This he has himself honestly and publicly
declared since his return; and from his well known character and every
other circumstance, every candid man must perceive that his
enterprise was dictated by his own enthusiasm, without consultation or
communication with any one; that he acted in Paris on his own ground,
and made his own way. Yet to give some color to his proceedings, which
might implicate the republicans in general, and myself particularly,
they have not been ashamed to bring forward a supposititious paper,
drawn by one of their own party in the name of Logan, and falsely
pretended to have been presented by him to the government of France;
counting that the bare mention of my name therein, would connect that in
the eye of the public with this transaction. In confutation of these
and all future calumnies, by way of anticipation, I shall make to you a
profession of my political faith; in confidence that you will consider
every future imputation on me of a contrary complexion, as bearing on
its front the mark of falsehood and calumny.

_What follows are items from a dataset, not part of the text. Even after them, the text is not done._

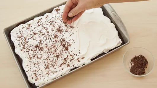 Step5When ready to serve, drop whipped topping by spoonfuls over cake; spread evenly. Sprinkle with chocolate shavings. Cut into 5 rows by 3 rows. Store loosely covered in refrigerator.
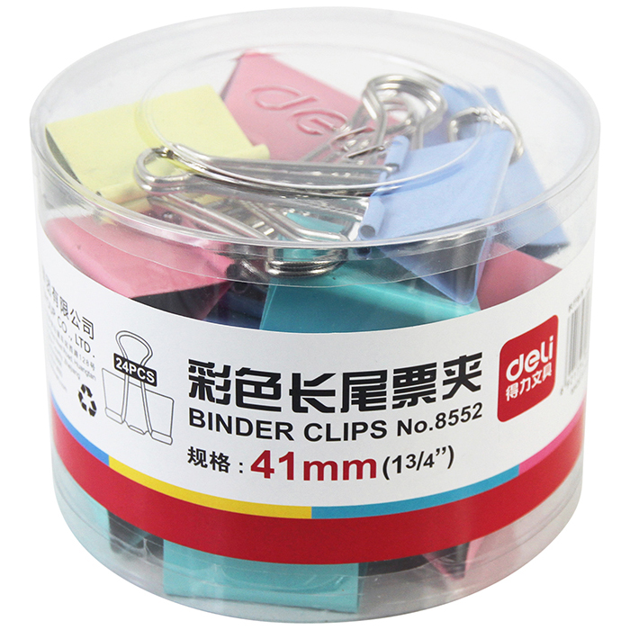 - 商品名稱:嚴采/得力(deli)筒裝長尾票夾彩色 41mm 2# 8552(24只/筒,36筒/件)
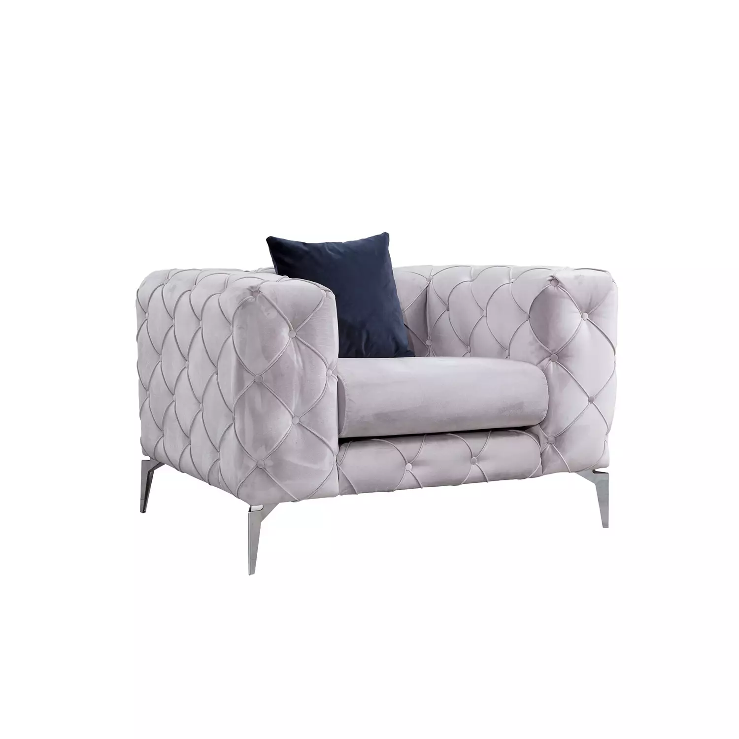 Upota itsesi 5 cm harmaisiin vaahtomuovi- ja höyhenityynyihin, jotka on suunniteltu tarjoamaan äärimmäistä mukavuutta ja tukea. Kiinteä selkätyyny ja kannettava istuintyyny tarjoavat täydellisen tasapainon rentoutumisen ja tyylin välillä. Mukana tuleva tyyny lisää ylimääräisen luksuksen kosketuksen tähän jo valmiiksi upeaan tuotteeseen.
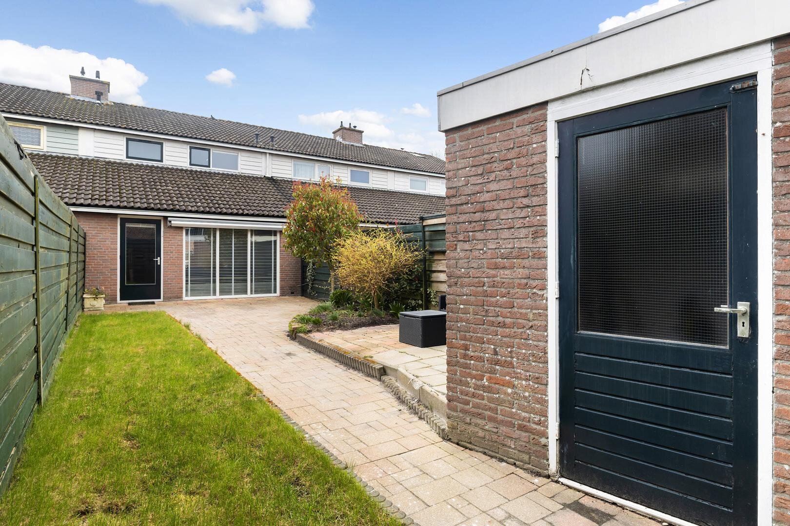 - diepe achtertuin met stenen berging
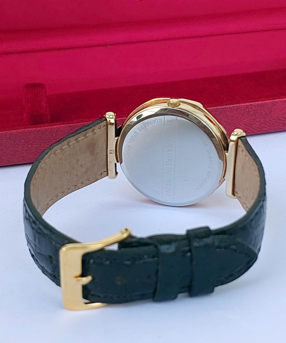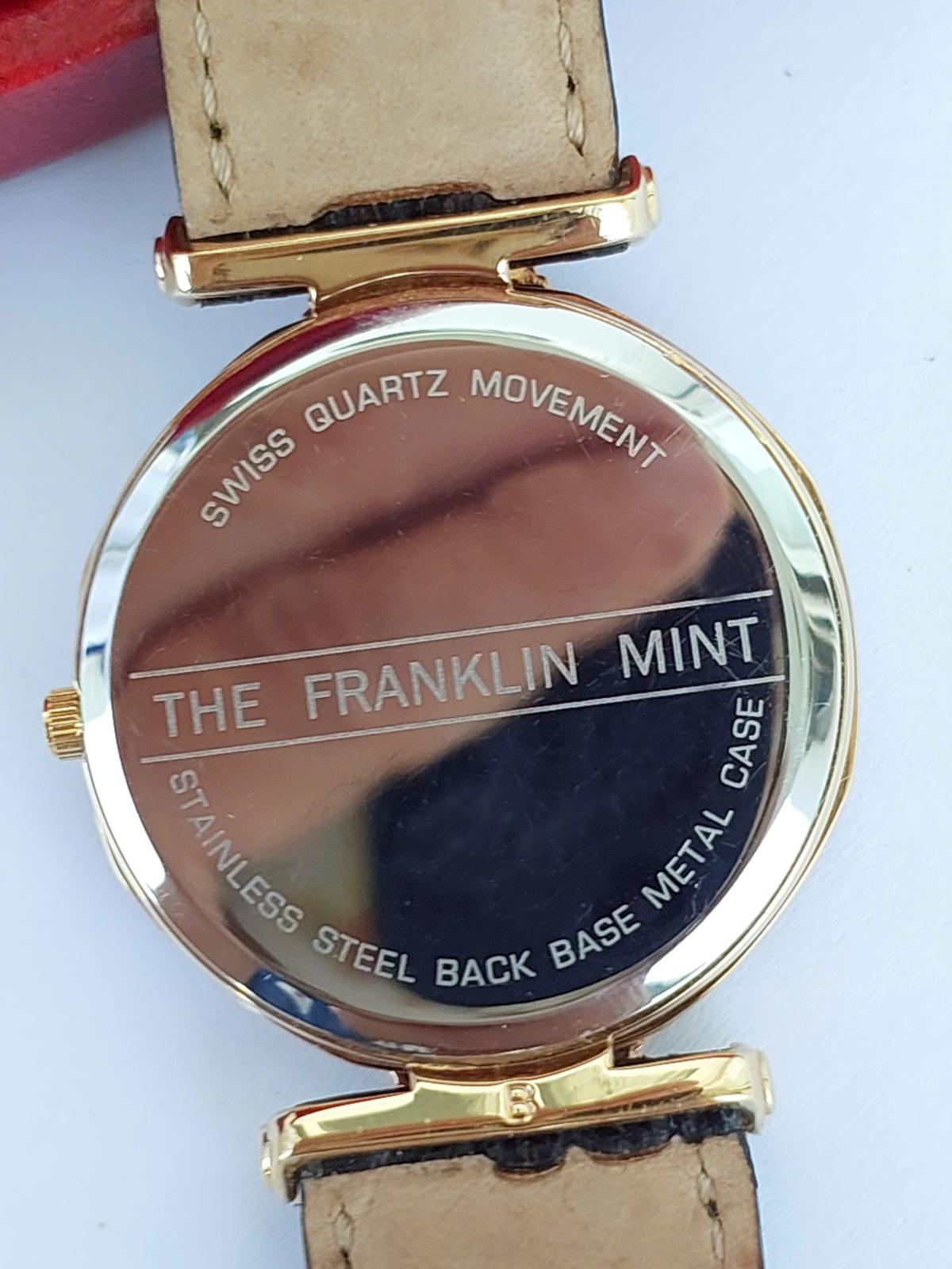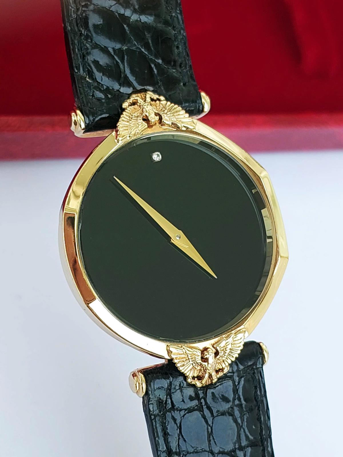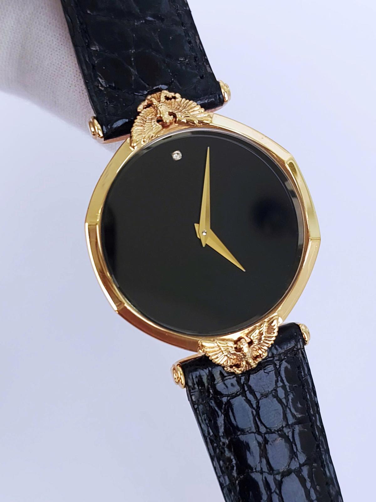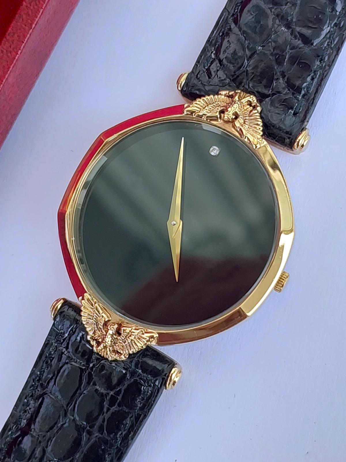 Mẫu nữ độc đáo đến từ The Franklin Mint Eagle như một tác phẩm nghệ thuật điêu khắc trên cổ tay, nổi bật với cặp càng nối dây hình đại bàng tung cánh được đúc hoàn toàn từ vàng 10k sắc sảo đến từng lớp lông vũ, mang ý nghĩa phong thủy về sự tự do và thịnh vượng. Vẻ đẹp quyền uy của chúa tể bầu trời hòa quyện tuyệt đối với mặt số đen tuyền huyền bí mang phong cách Museum tối giản, nơi sự sang trọng được định nghĩa bằng bộ kim vát cạnh sáng bóng cùng viên đá quý lấp lánh tạo nên độ tương phản Black & Gold mê hoặc. Chính hãng Franklin Mint sx tại Thụy Sỹ, sd máy pin Thụy Sỹ, nguyên bản, size 33mm cho Nữ, độ mới tàm 97-98%.
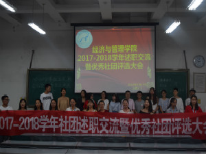 5月19日晚,公司于二教2-5举行2017-2018学年社团述职交流大会暨优秀社团评选大会。公司常青藤实践协会、物流管理学会、会计学会、国际经济与贸易学会、工商管理学会、青志协经管服务站、演讲与职场交流协会、财务管理学会、市场营销学会代表依次上台用PPT演讲方式总结本社团一年来工作。分团委书记胡遵程做总结发言。
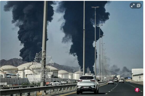哈尔克岛遇袭后不久,阿联酋主要石油中心富查伊拉(Fujairah)星期六(14日)突然发生火灾,部分石油装载作业暂停。阿联酋当局说,火灾是拦截来犯无人机后,碎片掉落而引起的。当局没说明详情,只说没有人员伤亡。
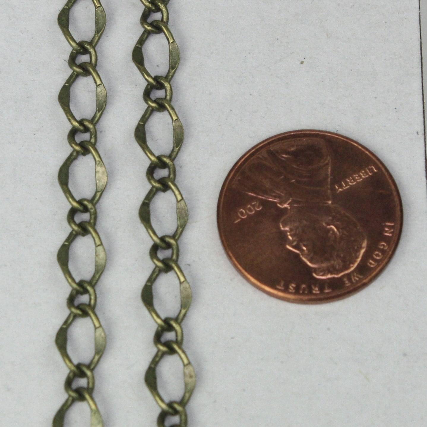 32 ft Spool of Antique Brass Necklace Big Hammered Figaro Soldered Curb Chain - 5x8mm SOLDERED - 58FIGARO
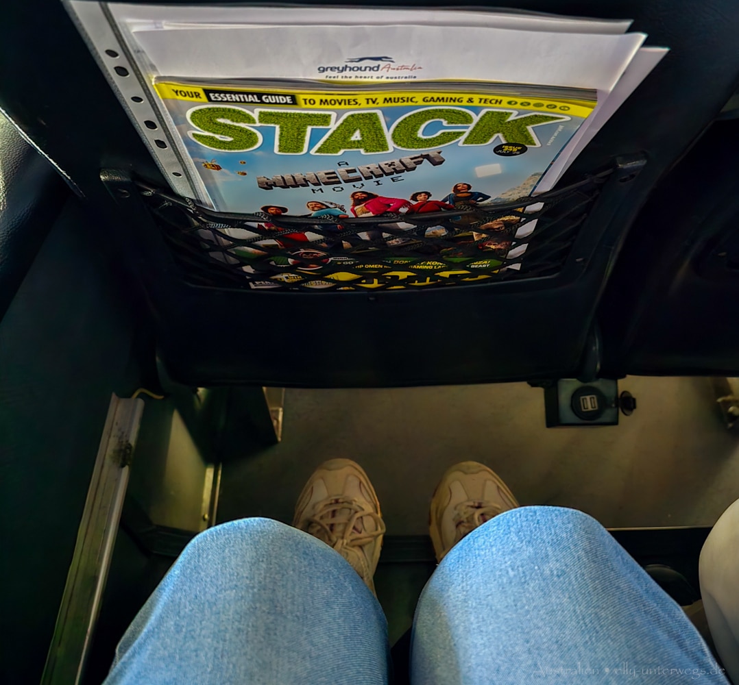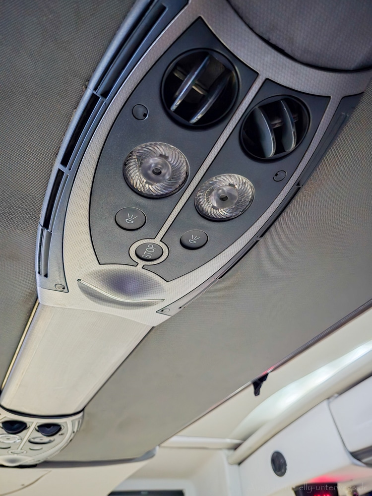 Nach dem Einsteigen richteten wir uns erst einmal auf unserem Platz ein. Nackenhörnchen, eine kleine Reisedecke. Ein paar Snacks im Netz am Vordersitz. Die Sitze waren bequem, auch auf längeren Strecken. An jedem Platz gab es einen USB-Anschluss, was unterwegs wirklich hilfreich war, allerdings brauchten wir dafür etwas längere Kabel. In vielen Bussen funktionierte auch das WLAN, mal stabiler, mal weniger, aber für Nachrichten und kurze Recherchen ausreichend. Nur zum Streamen war es manchmal zu langsam.
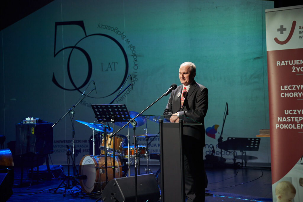 W czwartek 4 września 2025 roku w Teatrze Kameralnym w Bydgoszczy odbyła się Uroczysta Gala z okazji 50-lecia Kliniki Pediatrii, Hematologii i Onkologii Szpitala Uniwersyteckiego nr 1 im. dr. A. Jurasza w Bydgoszczy. Wydarzenie zgromadziło licznych gości – przedstawicieli władz państwowych, samorządowych, uniwersyteckich, dyrektorów bydgoskich szpitali, środowiska medycznego, rodziców i pacjentów, a także obecnych i byłych pracowników Kliniki. Patronat Honorowy nad obchodami 50-lecia Kliniki objęli Wojewoda Kujawsko-Pomorski Michał Sztybel oraz Prezydent Miasta Bydgoszczy Rafał Bruski. Gości przywitał prof. Jan Styczyński, kierownik Kliniki Pediatrii, Hematologii i Onkologii. W swoim wystąpieniu podkreślił wyjątkową rolę kliniki w rozwoju pediatrii i onkologii dziecięcej w Polsce oraz znaczenie pracy całego zespołu dla ratowania życia najmłodszych pacjentów. Jednym z najbardziej wzruszających momentów wieczoru była ceremonia wręczenia Odznak Honorowych „Za zasługi dla ochrony zdrowia”. Odznaczenia, przyznane przez Minister Zdrowia a wręczone przez Wicewojewodę Kujawsko-Pomorskiego Piotra Hemmerlinga otrzymało 20 osób – lekarze, pielęgniarki, diagności i opiekunowie medyczni związani z Kliniką:
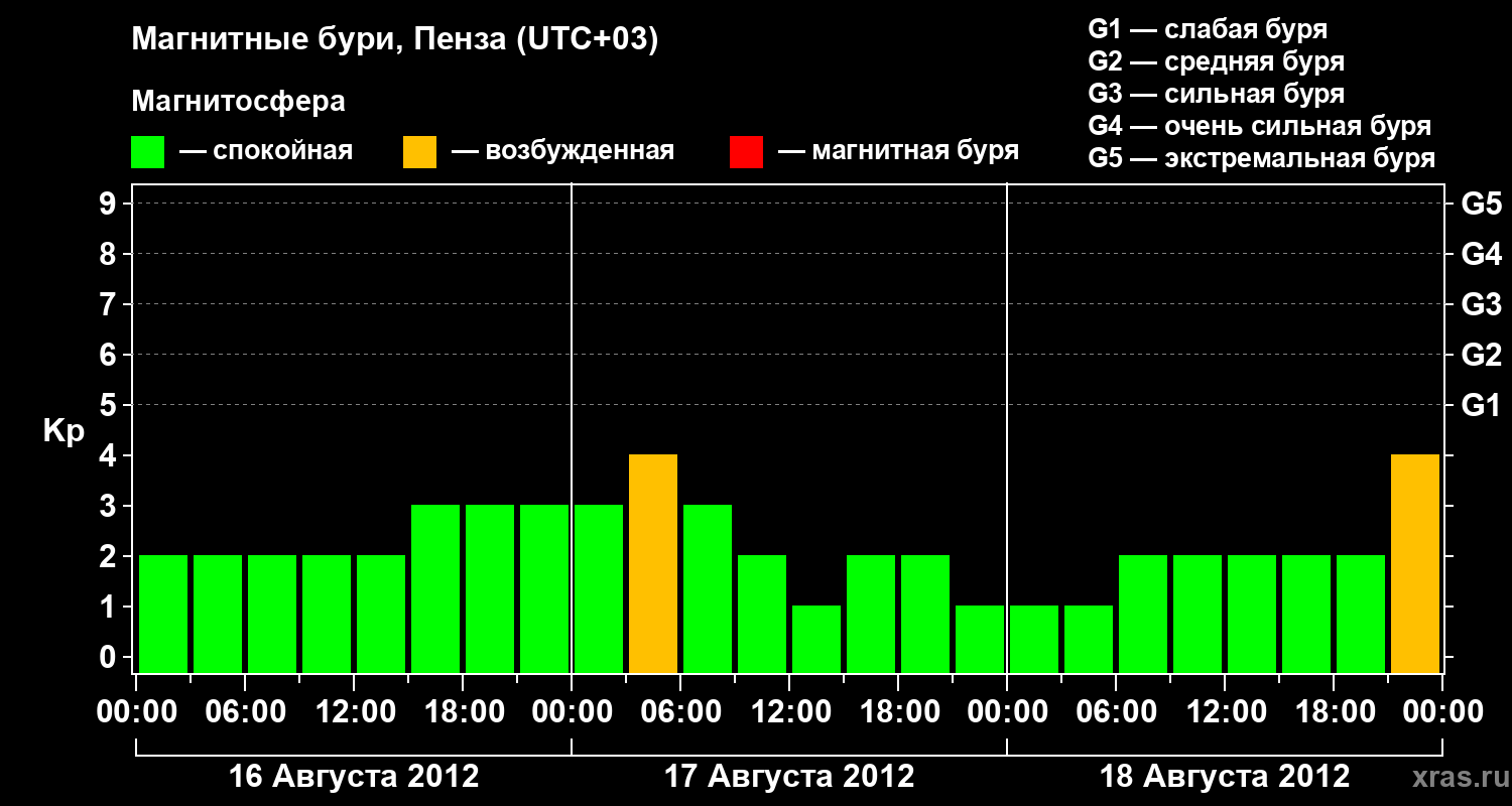Изменения геомагнитного индекса Kp с 16 по 18 августа 2012 года для средних широт
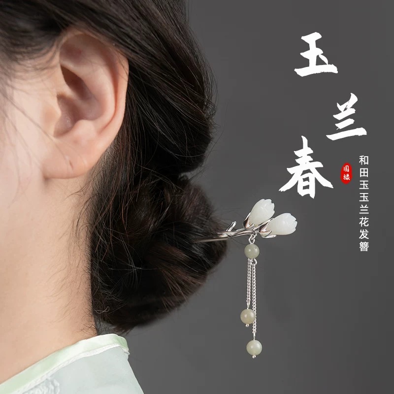 和田玉耳饰中国风耳夹女无耳洞青玉石古风耳环纯银新中式
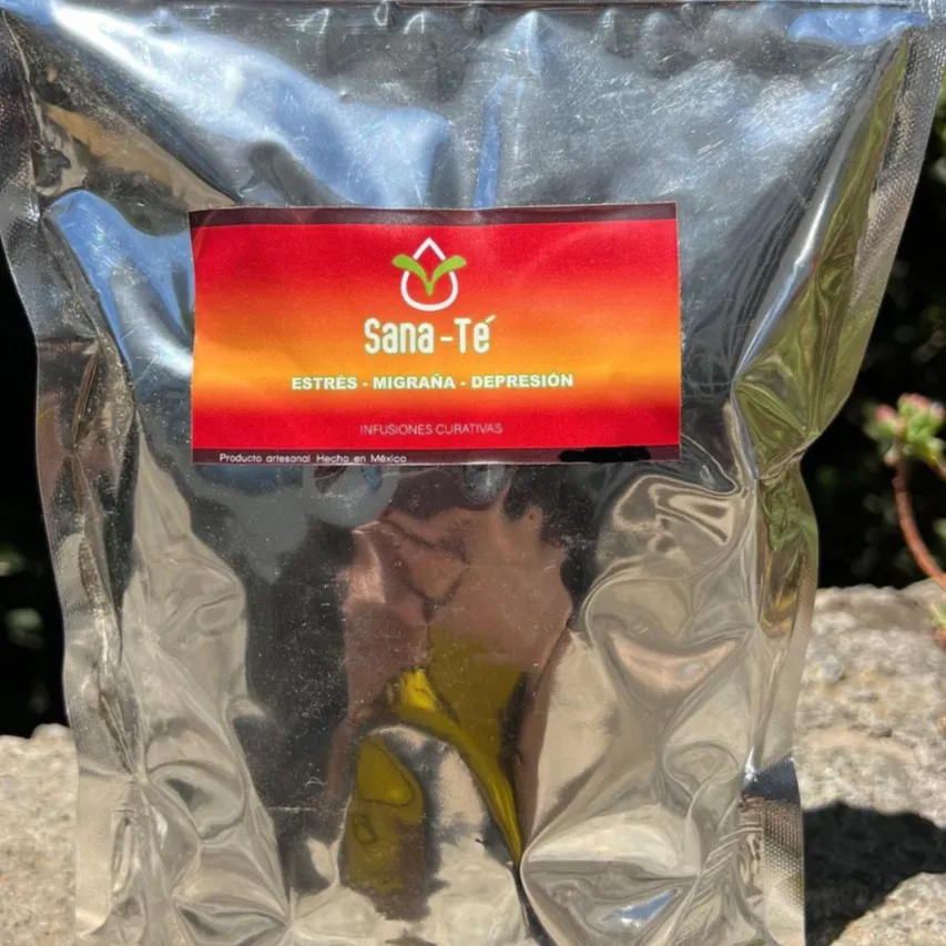 Discover our Stress, Migraine and Depression Infusion, a natural elixir that transforms your emotional and mental well-being! This unique blend of ingredients grown in Mexican lands is designed to provide you with effective relief and a deep relaxation experience. Made with a mixture of sapote leaf, brazilwood, mistletoe, fennel, lemon balm, linden, manita, orange blossom and damiana de Guerrero, this infusion is full of qualities that nourish your body and mind, providing you with comprehensive well-being.

I do then, with sincere zeal, wish an inviolable preservation of our
present federal constitution, according to the true sense in which
it was adopted by the States, that in which it was advocated by its
friends, and not that which its enemies apprehended, who, therefore,
became its enemies: and I am opposed to the monarchizing its features
by the forms of its administration, with a view to conciliate a first
transition to a President and Senate for life, and from that to an
hereditary tenure of these offices, and thus to worm out the elective
principle.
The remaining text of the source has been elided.